What is needed = Return the data word for word. Pictures are to be omitted.
The data: Begin
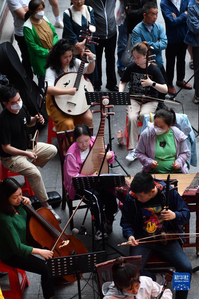 6月5日,長(cháng)沙市花鼓戲保護傳承中心的樂(lè )隊在長(cháng)沙市坡子街火宮殿演出。
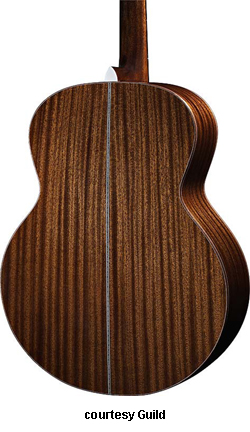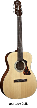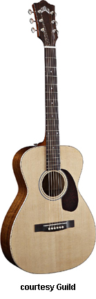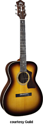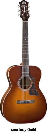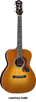 GAD-F40P (NO. 381-0800) | - grand orchestra style body based on the 1955 F-40 Valencia model, solid spruce top, solid African Padauk back and sides, round soundhole with rings, wood body binding, one-piece mahogany neck, dovetail neck joint, 12/20-fret rosewood fingerboard with diamond and snowflake inlays, Chesterfield and logo headstock inlays, three-per-side Grover chrome tuners, rosewood bridge with ebony pins, black pickguard, available in Amber Sunburst (2007-08), Ice Tea Burst (2007-08), or Natural finish, 25.5 in. scale, mfg. 2007-present. |
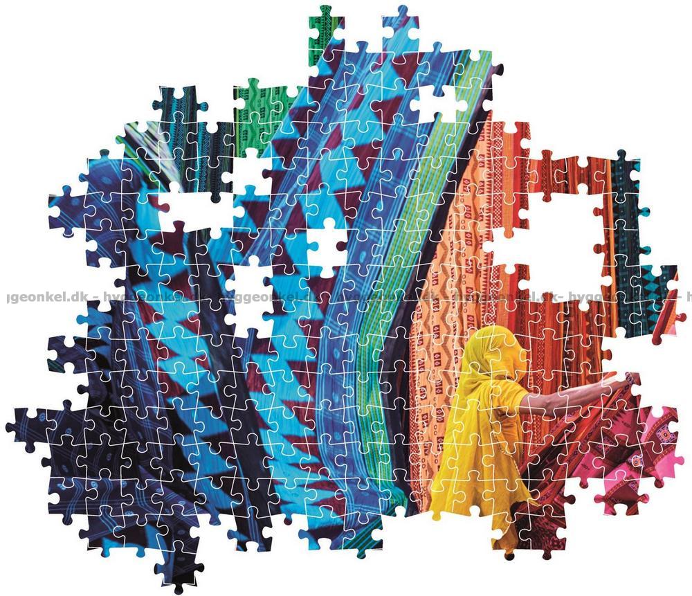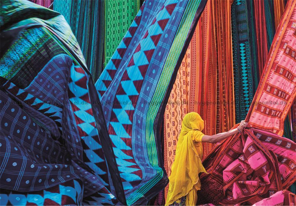 - Tygerna finns i ett brett spektrum av färger, inklusive blå, röd, rosa och orange. Varje tygstycke har unika geometriska mönster
The data: End
Solution to the exercise =
 6月5日,長(cháng)沙市花鼓戲保護傳承中心的樂(lè )隊在長(cháng)沙市坡子街火宮殿演出。
 GAD-F40P (NO. 381-0800) | - grand orchestra style body based on the 1955 F-40 Valencia model, solid spruce top, solid African Padauk back and sides, round soundhole with rings, wood body binding, one-piece mahogany neck, dovetail neck joint, 12/20-fret rosewood fingerboard with diamond and snowflake inlays, Chesterfield and logo headstock inlays, three-per-side Grover chrome tuners, rosewood bridge with ebony pins, black pickguard, available in Amber Sunburst (2007-08), Ice Tea Burst (2007-08), or Natural finish, 25.5 in. scale, mfg. 2007-present. |
 - Tygerna finns i ett brett spektrum av färger, inklusive blå, röd, rosa och orange. Varje tygstycke har unika geometriska mönster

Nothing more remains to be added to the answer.